More than one-fourth of the 94 U.S. securities fraud
lawsuits seeking class-action status and filed from January to
June related to so-called Chinese reverse mergers, according to
a study released on Tuesday by the Stanford Law School
Securities Class Action Clearinghouse and Cornerstone Research
in Boston.
This reflects a shift away from more traditional lawsuits
accusing U.S. companies of inflating balance sheets or stock
prices, or entering into bad mergers.
According to the study, the number of these cases is on
pace in 2011 to be the fewest since federal law on class-action
litigation was overhauled in 1995.
In a typical reverse merger, a Chinese company buys a U.S.
"shell" company and takes over its stock ticker.
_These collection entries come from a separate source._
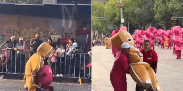 En el video viral se puede ver a la botarga de galleta de jengibre caminar de manera exhausta y poco a poco comenzar a tropezar. Una persona rápidamente se acercó a asistir al personaje, sin embargo, rápidamente se observa cómo se vence, cayendo descuidadamente sobre el piso.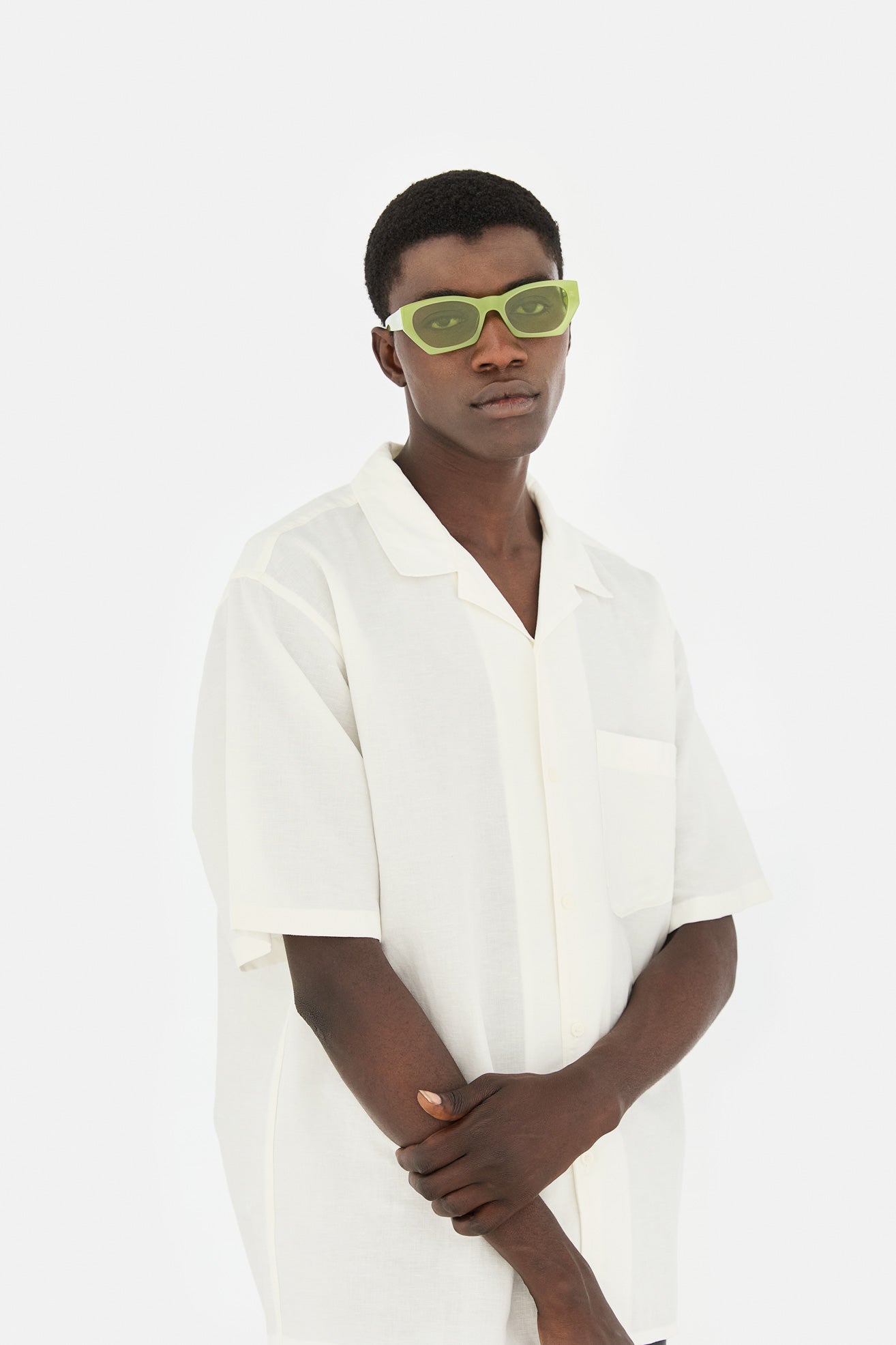 Acetato de alta calidad en color verde menta. Lentes verdes tono sobre tono con base 2. Gafas de alta gama diseñadas en Milán, Italia.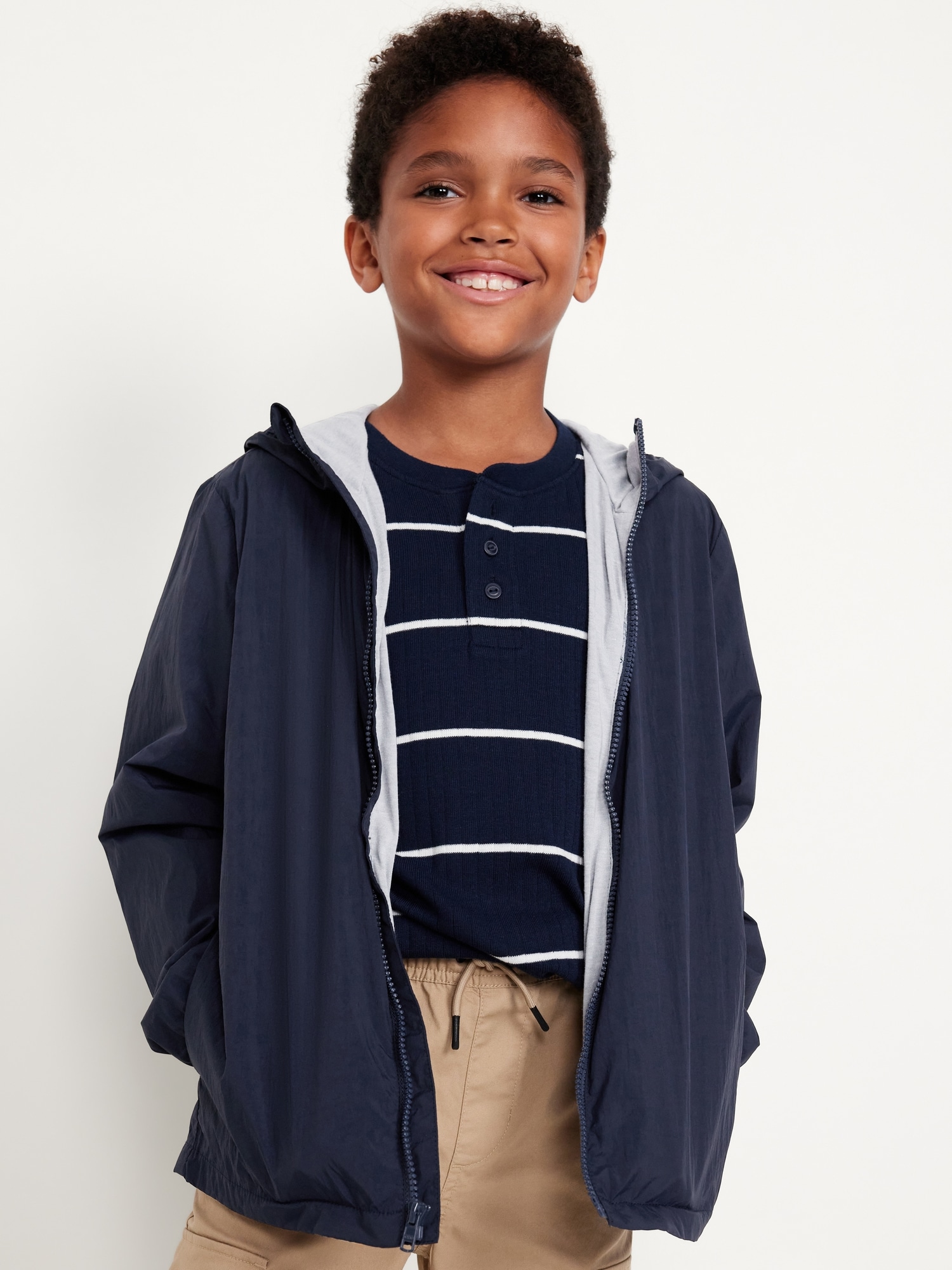 Hooded Zip-Front Water-Resistant Jacket for Boys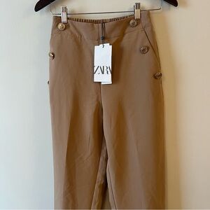 Zara Tan Trouser Pants Sailor Buttons High Rise Elastic Waist NEW Size XS

That
effectively lets it raise money without going through the
regulatory reviews typical of companies going public.
Since March, more than two dozen U.S.-listed Chinese
companies that underwent reverse mergers announced auditor
resignations or other accounting problems.
Last month, the Securities and Exchange Commission issued a
bulletin urging investors to "thoroughly research" such
companies before investing.
According to the Stanford study, 24 securities fraud
class-action lawsuits targeted Chinese reverse mergers in the
first half of the year, compared with nine for all of 2010.
But Joseph Grundfest, a Stanford law professor and former
SEC commissioner, said investors might have trouble recovering
losses, citing the "very little" historic success in enforcing
federal court judgments to recover assets of Chinese citizens
living in China.
"There is a big difference between winning a lawsuit and
collecting money because you won a lawsuit," Grundfest said in
an interview.
The United States has no extradition treaty with China and
state secrets laws make it difficult to gather evidence about
alleged wrongdoing that originates there.
That limits the effectiveness of the 2002 Sarbanes-Oxley
reforms developed to root out accounting fraud following Enron
Corp's collapse the prior year.
Grundfest said investors might still have recourse against
the auditors of Chinese companies or other intermediaries, but
it still could be an uphill fight.
"The way many insurance policies are written, they won't
cover situations involving fraud," he said. "It makes it
entirely possible that at the end of the day, there may be very
little effective recovery."
The 94 lawsuits allege $48.3 billion of market value was
lost between the trading day immediately preceding the end of a
class period and the trading day immediately after the end.
Among the other 70 lawsuits in the first half, 21 targeted
mergers. Just two related to the credit and financial crises,
compared with 13 in 2010, 54 in 2009 and 80 in 2008.